*Information:*
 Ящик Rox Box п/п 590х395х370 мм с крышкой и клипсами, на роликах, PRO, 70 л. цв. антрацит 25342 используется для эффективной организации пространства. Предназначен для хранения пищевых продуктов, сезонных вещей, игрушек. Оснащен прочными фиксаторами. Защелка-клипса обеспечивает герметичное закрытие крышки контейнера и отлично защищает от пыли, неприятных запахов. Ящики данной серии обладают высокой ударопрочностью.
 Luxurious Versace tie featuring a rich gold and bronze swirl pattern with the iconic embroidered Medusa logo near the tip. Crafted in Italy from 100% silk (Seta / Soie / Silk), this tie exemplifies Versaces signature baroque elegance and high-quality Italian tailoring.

...

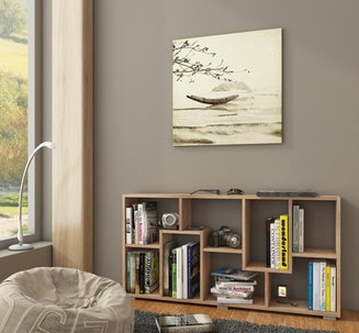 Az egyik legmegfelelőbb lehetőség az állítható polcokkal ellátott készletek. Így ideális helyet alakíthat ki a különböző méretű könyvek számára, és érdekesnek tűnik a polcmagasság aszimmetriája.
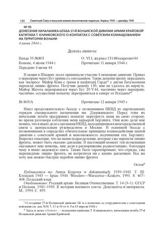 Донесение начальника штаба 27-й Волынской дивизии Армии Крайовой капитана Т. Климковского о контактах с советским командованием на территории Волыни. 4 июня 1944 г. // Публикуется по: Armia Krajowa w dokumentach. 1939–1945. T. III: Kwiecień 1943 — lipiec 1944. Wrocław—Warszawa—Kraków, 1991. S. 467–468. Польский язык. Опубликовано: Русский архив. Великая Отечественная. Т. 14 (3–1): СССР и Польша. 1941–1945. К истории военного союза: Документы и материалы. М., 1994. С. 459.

*Exercise objective:* Start with the line above that contains "Ящик Rox Box" and end with the line that contains "Luxurious Versace tie". Write out those lines exactly, and only those.

*Answer to the problem:*
 Ящик Rox Box п/п 590х395х370 мм с крышкой и клипсами, на роликах, PRO, 70 л. цв. антрацит 25342 используется для эффективной организации пространства. Предназначен для хранения пищевых продуктов, сезонных вещей, игрушек. Оснащен прочными фиксаторами. Защелка-клипса обеспечивает герметичное закрытие крышки контейнера и отлично защищает от пыли, неприятных запахов. Ящики данной серии обладают высокой ударопрочностью.
 Luxurious Versace tie featuring a rich gold and bronze swirl pattern with the iconic embroidered Medusa logo near the tip. Crafted in Italy from 100% silk (Seta / Soie / Silk), this tie exemplifies Versaces signature baroque elegance and high-quality Italian tailoring.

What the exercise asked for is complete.